Your objective: The answer must be an exact copy of every entry.

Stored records
----

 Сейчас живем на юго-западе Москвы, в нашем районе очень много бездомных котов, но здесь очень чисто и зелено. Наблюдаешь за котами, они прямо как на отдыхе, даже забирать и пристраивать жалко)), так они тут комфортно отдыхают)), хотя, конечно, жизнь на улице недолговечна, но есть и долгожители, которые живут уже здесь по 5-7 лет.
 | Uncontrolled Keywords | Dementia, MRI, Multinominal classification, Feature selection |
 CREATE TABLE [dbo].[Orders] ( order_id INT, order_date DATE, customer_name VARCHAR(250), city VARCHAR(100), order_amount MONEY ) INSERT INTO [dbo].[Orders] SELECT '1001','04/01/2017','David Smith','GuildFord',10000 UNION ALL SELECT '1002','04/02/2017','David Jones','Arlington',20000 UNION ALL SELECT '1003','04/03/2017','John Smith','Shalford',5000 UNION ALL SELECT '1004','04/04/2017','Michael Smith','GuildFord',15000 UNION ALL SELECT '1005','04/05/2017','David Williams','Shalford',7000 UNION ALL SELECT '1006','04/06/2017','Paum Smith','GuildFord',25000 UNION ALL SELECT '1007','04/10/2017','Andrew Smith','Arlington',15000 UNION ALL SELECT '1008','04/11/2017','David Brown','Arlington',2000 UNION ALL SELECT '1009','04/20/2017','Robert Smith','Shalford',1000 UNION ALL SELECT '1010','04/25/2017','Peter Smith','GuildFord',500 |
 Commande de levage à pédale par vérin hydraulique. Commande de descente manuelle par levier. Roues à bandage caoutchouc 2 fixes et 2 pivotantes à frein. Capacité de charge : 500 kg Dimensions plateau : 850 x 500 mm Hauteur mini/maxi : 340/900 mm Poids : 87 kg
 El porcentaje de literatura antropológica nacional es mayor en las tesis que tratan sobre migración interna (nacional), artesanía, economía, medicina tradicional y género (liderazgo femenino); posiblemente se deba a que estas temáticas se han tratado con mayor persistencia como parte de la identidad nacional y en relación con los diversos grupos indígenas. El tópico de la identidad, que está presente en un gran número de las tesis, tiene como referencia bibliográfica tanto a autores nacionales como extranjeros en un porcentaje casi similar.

----

Finished exercise:
 Сейчас живем на юго-западе Москвы, в нашем районе очень много бездомных котов, но здесь очень чисто и зелено. Наблюдаешь за котами, они прямо как на отдыхе, даже забирать и пристраивать жалко)), так они тут комфортно отдыхают)), хотя, конечно, жизнь на улице недолговечна, но есть и долгожители, которые живут уже здесь по 5-7 лет.
 | Uncontrolled Keywords | Dementia, MRI, Multinominal classification, Feature selection |
 CREATE TABLE [dbo].[Orders] ( order_id INT, order_date DATE, customer_name VARCHAR(250), city VARCHAR(100), order_amount MONEY ) INSERT INTO [dbo].[Orders] SELECT '1001','04/01/2017','David Smith','GuildFord',10000 UNION ALL SELECT '1002','04/02/2017','David Jones','Arlington',20000 UNION ALL SELECT '1003','04/03/2017','John Smith','Shalford',5000 UNION ALL SELECT '1004','04/04/2017','Michael Smith','GuildFord',15000 UNION ALL SELECT '1005','04/05/2017','David Williams','Shalford',7000 UNION ALL SELECT '1006','04/06/2017','Paum Smith','GuildFord',25000 UNION ALL SELECT '1007','04/10/2017','Andrew Smith','Arlington',15000 UNION ALL SELECT '1008','04/11/2017','David Brown','Arlington',2000 UNION ALL SELECT '1009','04/20/2017','Robert Smith','Shalford',1000 UNION ALL SELECT '1010','04/25/2017','Peter Smith','GuildFord',500 |
 Commande de levage à pédale par vérin hydraulique. Commande de descente manuelle par levier. Roues à bandage caoutchouc 2 fixes et 2 pivotantes à frein. Capacité de charge : 500 kg Dimensions plateau : 850 x 500 mm Hauteur mini/maxi : 340/900 mm Poids : 87 kg
 El porcentaje de literatura antropológica nacional es mayor en las tesis que tratan sobre migración interna (nacional), artesanía, economía, medicina tradicional y género (liderazgo femenino); posiblemente se deba a que estas temáticas se han tratado con mayor persistencia como parte de la identidad nacional y en relación con los diversos grupos indígenas. El tópico de la identidad, que está presente en un gran número de las tesis, tiene como referencia bibliográfica tanto a autores nacionales como extranjeros en un porcentaje casi similar.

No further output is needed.